WHAT IS BEING ASKED:
Word for word, copy the data that follows and skip its pictures.

GIVEN INFORMATION:
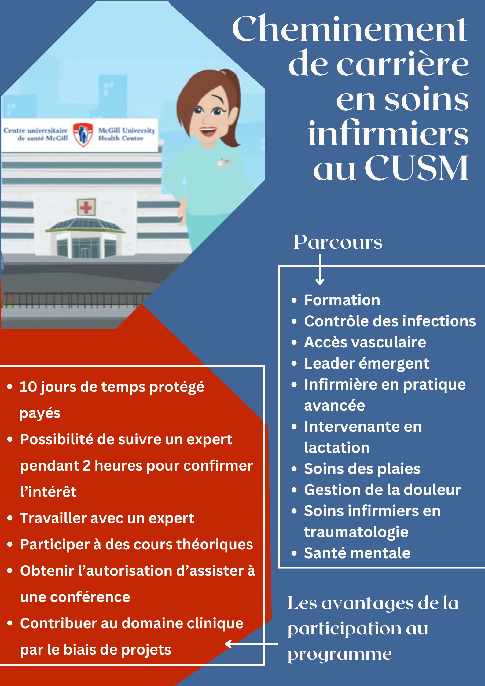 - Cheminement de carrière : soutient le développement professionnel des infirmières d’expérience (2 ans et plus) qui souhaitent explorer de nouveaux rôles en soins infirmiers. Offrant 10 parcours spécialisés, il favorise le développement des compétences cliniques, de l’autonomie et de l’engagement.
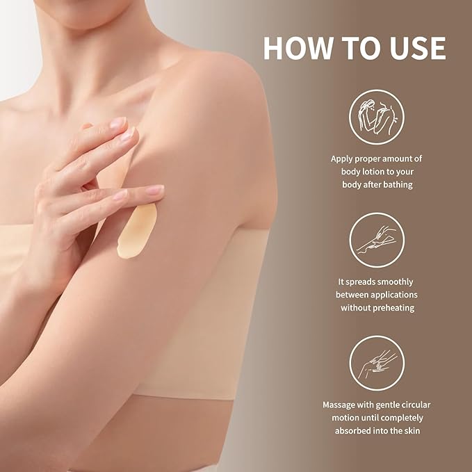 - 🌿"【Fast-Absorbing, Non-Greasy Formula】 Lightweight, butter-like texture melts instantly into skin without sticky residue. Perfect for daily use under clothing or before bedtime. Safe for all skin types, including sensitive skin."
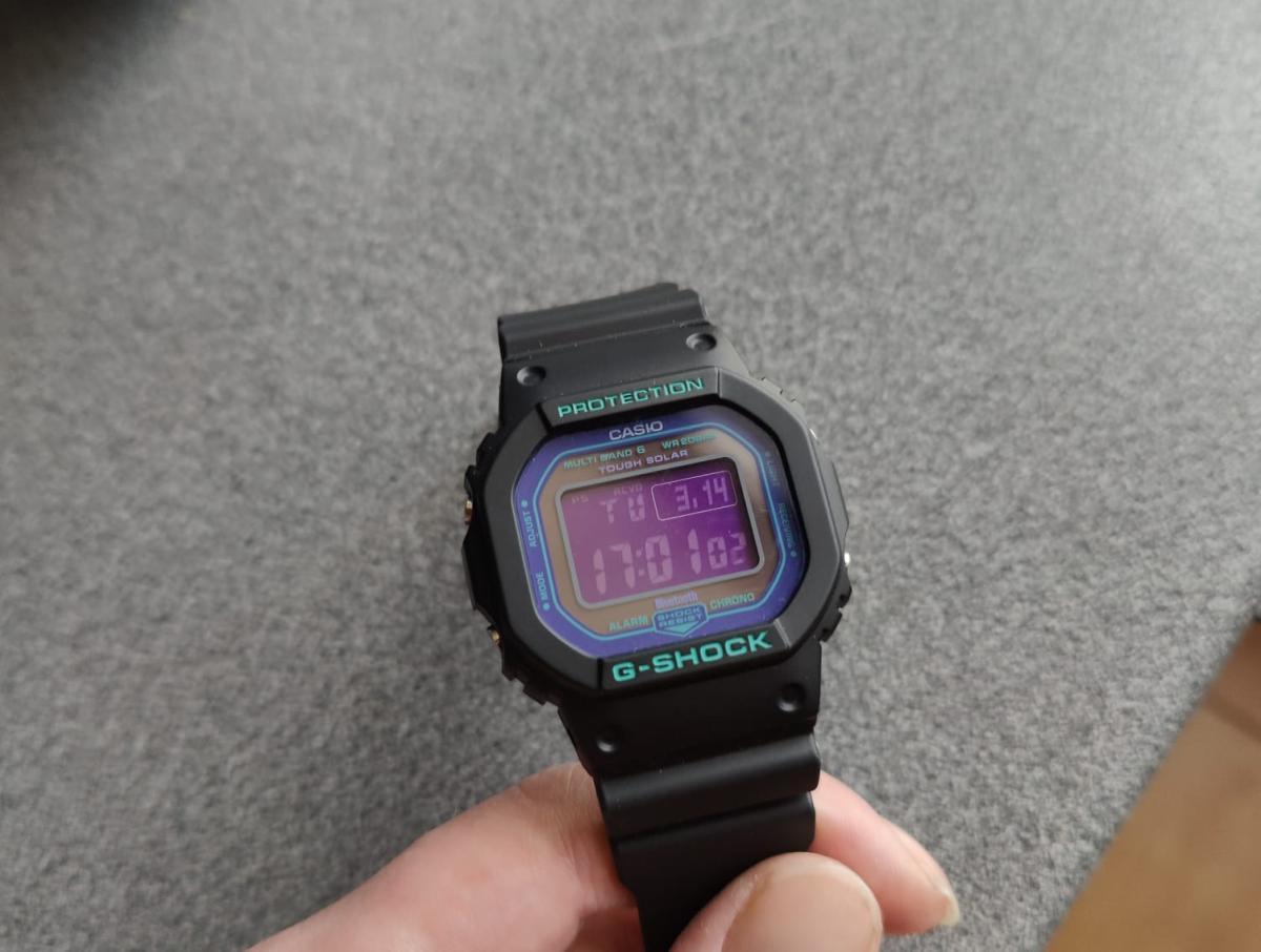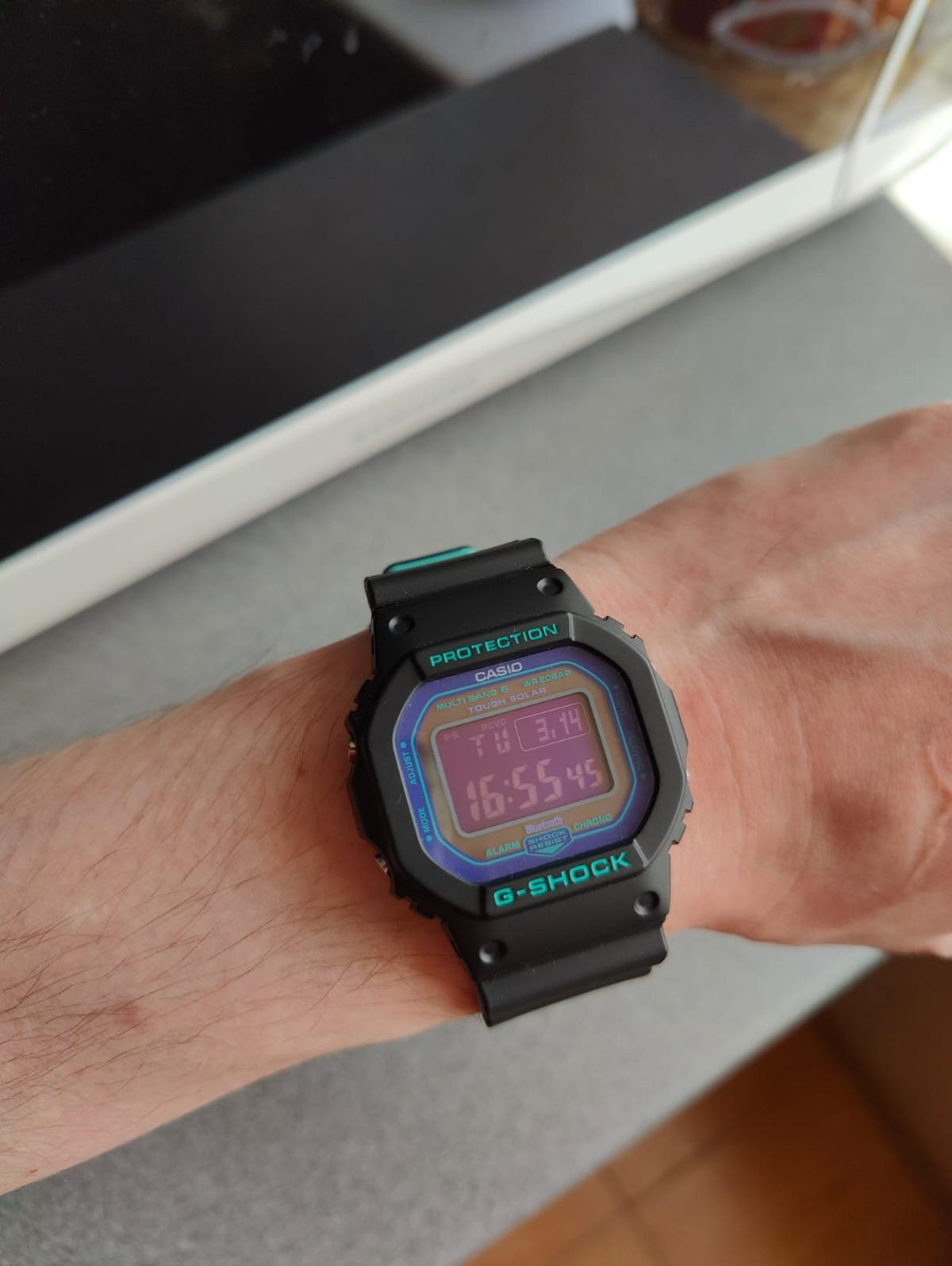 Модель сделана в цветовом оформлении духа 90-х, она имеет классический для часов Casio 8-угольный противоударный корпусУдаропрочный корпусМеханизм заключён в корпус, выполненный из современных материалов, устойчивых к ударам, механическим повреждениям и падению с высоты: инновационный пластик, карбон, нержавеющая сталь, титан., благодаря которому дизайн приобретает узнаваемые черты. Аксессуар выполнен из полимерного материала, устойчивого к ударам, повреждениям, вибрации, падению. Синхронизация времени и настройка функций осуществляется с помощью технологии BluetoothBluetoothСовременная технология, позволяющая синхронизировать часы с телефоном и переносить данные. Часы с Bluetooth расширяют возможности вашего смартфона и делают его использование ещё более удобным., управление возможностями происходит в приложении на телефоне G-Shock Connected. Японский кварцевый калибр. Питание от солнечного света . Автоматический переход в режим сохранения энергии для экономии расхода батареи. Минеральное стекло. Электролюминесцентная подсветкаЭлектролюминесцентная подсветкаЭлектролюминесцентная панель устанавливается под ЖК-экраном часов, при нажатии кнопки электричество преобразуется в свет за счёт подачи напряжения на атомы фосфора, такой тип подсветки позволяет освещать весь циферблат.. Водонепроницаемость до 200 метров. Секундомер, коррекция текущего времени радиосигналом, таймер, хронографХронографФункция позволяет измерять отрезки времени с особой точностью: часы, минуты, секунды. Верным признаком хронографа является наличие на циферблате 3 дополнительных окошек-счётчиков., будильник, мировое времяМировое время Полезное часовое усложнение, отображающее время в основных городах и известных областях по всему миру, оно связано с часовыми поясами, удобно для путешественников и бизнесменов. , календарь. Габариты: 48,9 x 42,8 x 13,4 мм.

COMPLETED TASK:
 - Cheminement de carrière : soutient le développement professionnel des infirmières d’expérience (2 ans et plus) qui souhaitent explorer de nouveaux rôles en soins infirmiers. Offrant 10 parcours spécialisés, il favorise le développement des compétences cliniques, de l’autonomie et de l’engagement.
 - 🌿"【Fast-Absorbing, Non-Greasy Formula】 Lightweight, butter-like texture melts instantly into skin without sticky residue. Perfect for daily use under clothing or before bedtime. Safe for all skin types, including sensitive skin."
 Модель сделана в цветовом оформлении духа 90-х, она имеет классический для часов Casio 8-угольный противоударный корпусУдаропрочный корпусМеханизм заключён в корпус, выполненный из современных материалов, устойчивых к ударам, механическим повреждениям и падению с высоты: инновационный пластик, карбон, нержавеющая сталь, титан., благодаря которому дизайн приобретает узнаваемые черты. Аксессуар выполнен из полимерного материала, устойчивого к ударам, повреждениям, вибрации, падению. Синхронизация времени и настройка функций осуществляется с помощью технологии BluetoothBluetoothСовременная технология, позволяющая синхронизировать часы с телефоном и переносить данные. Часы с Bluetooth расширяют возможности вашего смартфона и делают его использование ещё более удобным., управление возможностями происходит в приложении на телефоне G-Shock Connected. Японский кварцевый калибр. Питание от солнечного света . Автоматический переход в режим сохранения энергии для экономии расхода батареи. Минеральное стекло. Электролюминесцентная подсветкаЭлектролюминесцентная подсветкаЭлектролюминесцентная панель устанавливается под ЖК-экраном часов, при нажатии кнопки электричество преобразуется в свет за счёт подачи напряжения на атомы фосфора, такой тип подсветки позволяет освещать весь циферблат.. Водонепроницаемость до 200 метров. Секундомер, коррекция текущего времени радиосигналом, таймер, хронографХронографФункция позволяет измерять отрезки времени с особой точностью: часы, минуты, секунды. Верным признаком хронографа является наличие на циферблате 3 дополнительных окошек-счётчиков., будильник, мировое времяМировое время Полезное часовое усложнение, отображающее время в основных городах и известных областях по всему миру, оно связано с часовыми поясами, удобно для путешественников и бизнесменов. , календарь. Габариты: 48,9 x 42,8 x 13,4 мм.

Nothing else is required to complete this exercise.